La disparition d’Anicet Ekane, survenue lundi alors qu’il était en détention, a déclenché une vive contestation au Cameroun. Très rapidement, la question des conditions de sa prise en charge et du traitement qui lui a été réservé s’est retrouvée au centre des débats nationaux.
L’opposant de 72 ans souffrait de troubles respiratoires connus, et ses avocats affirment que ses alertes répétées n’ont pas été prises en considération. Pour eux, la priorité n’est plus seulement de comprendre les circonstances du décès, mais de garantir que la vérité puisse être établie à travers un processus irréprochable.
C’est dans ce contexte que la famille a catégoriquement rejeté l’autopsie annoncée par les autorités. Elle considère qu’une procédure initiée par les mêmes services responsables de la détention ne saurait offrir de garanties d’impartialité. Les proches d’Ekane réclament donc une expertise totalement indépendante, menée par des médecins extérieurs à l’appareil étatique.

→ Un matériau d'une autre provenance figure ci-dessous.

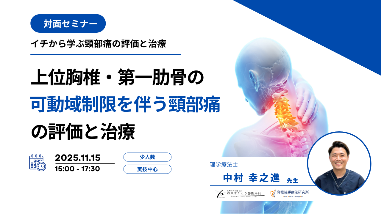 本セミナーでは、頸椎の最終域で痛みが誘発される頸部痛に対して、上位胸椎・第1肋骨の関節機能障害に着目した評価と治療介入の流れを学びます。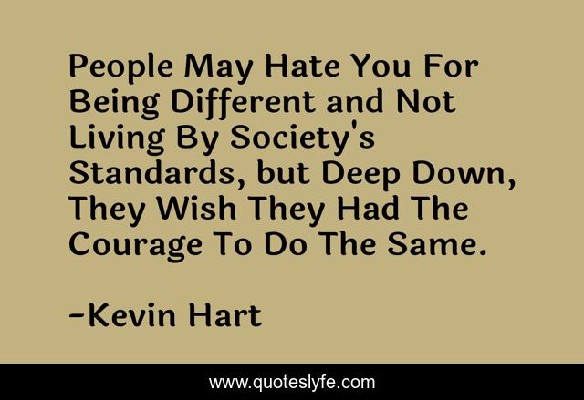 This page presents the quote "People May Hate You For Being Different and Not Living By Society's Standards, but Deep Down, They Wish They Had The Courage To Do The Same.". Author of this quote is Kevin Hart. .

Pendant ce temps, le corps du défunt reste conservé à la morgue de l’hôpital central de Yaoundé, dans une atmosphère de tension croissante. Les réactions politiques, elles, se multiplient. Le MRC dénonce un acte « mûrement prémédité », tandis que l’UPC-Manidem évoque un « crime d’État », accusant les autorités d’avoir privé l’opposant de soins essentiels, y compris d’oxygène.
Face à ces accusations, le gouvernement adopte une ligne de défense ferme : l’opposant aurait reçu une prise en charge médicale adéquate, et les appels au calme se multiplient du côté officiel.
Mais au-delà des déclarations contradictoires, plusieurs organisations de défense des droits humains insistent désormais sur l’urgence d’une enquête indépendante, seule capable de restaurer la confiance et de répondre aux nombreuses zones d’ombre entourant la disparition de cette figure politique de longue date.